🐳 Dataframe.ai — A comprehensive Data Context Management tool for modern data teams
One of the most important aspects of data science and data engineering is understanding and managing the context of the disparate data assets in an organization. Data context 🔎 is about using the right data for the right purpose. Using the right data for the right purpose is generally more important than building sophisticated models because models are only as good as the data that you feed them. To use the right data for the right occasion, you need context on a variety of issues such as: how the data was created, how it is commonly used in the organization, and whether the data pipeline is currently in a good and recent state to be able to trust the resulting dataset.
Data context 🔎 can be categorized into three buckets: structural context, operational context, and social context.
- Structural context 🔎: the schema (table and column schema, data types) and lineage (the order and structure of data flows) of data assets.
- Operational context 🔎: data quality metrics, operational metadata about pipelines, SLA times, query logs.
- Social context 🔎: who is using certain data assets, and for what purpose.
If you are a data scientist, you want data context as you create and modify queries and ML models.
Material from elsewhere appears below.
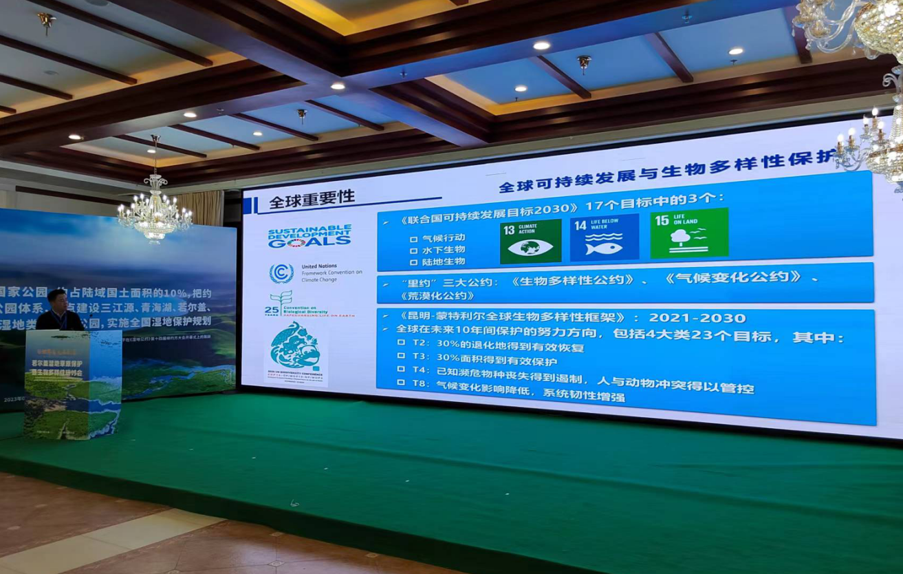 为深入推动山水林田湖草沙一体化保护和系统治理,积极筹建若尔盖国家湿地公园建设,引导社会公众共同参与若尔盖湿地草原暨生物多样性?;ぃ?月28日,“2023年若尔盖湿地草原保护暨生物多样性研讨会”在阿坝州若尔盖县唐克镇举行。来自联合国开发计划署、全球环境中心、中国湿地?;ば?、中国科学院成都生物研究所、中国科学院西北生态环境资源研究院、中国科学院若尔盖湿地生态研究站、四川省林业科学研究院、四川省生态环境科学研究院等国内外相关行业机构的专家学者,以及中央电视台、四川电视台、政府部门和保护区管理部门代表参会研讨。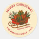 Vintage Christmas Sleigh with Gifts Classic Round Sticker. Celebrate the holidays in timeless style with this beautifully detailed vintage colored illustration of a Christmas sleigh brimming with gifts, holly, and pine sprigs. This cozy motif captures the nostalgic charm of Christmas. Add your family name and year.

And if you are a data engineer, you want data context as you create and modify data pipelines. These are two data developer personas with overlapping goals. We believe that a single tool should comprehensively address the needs of both data scientists and data engineers.
At Dataframe.ai, we are committed to the productivity of data developers. We believe that the right pattern for data context management will be as impactful as the Git-Github pattern in code management. We are breaking down the problem of data context management into four feature sets: 1/ data discovery, 2/ data documentation, 3/ data schema and lineage, and 4/ data quality validation and monitoring.
- Data Discovery: personal and collaborative search over all data from disparate sources (data lakes and data warehouses).
- Data Documentation: free-form markdown documentation à la Github.
- Data Schema & Lineage: automated construction and syncing of data schema and lineage from data warehouse metadata.
- Data Quality Validation and Monitoring: low-code validation of deterministic quality checks and monitoring of statistical quality metrics (time-series anomalies).
We are eating the apple one bite at a time, so to speak, starting with data discovery & documentation. We believe that every table in an analytical data warehouse should be documented and easily discoverable. It’s the 2020’s folks, and it’s about time ⌚️.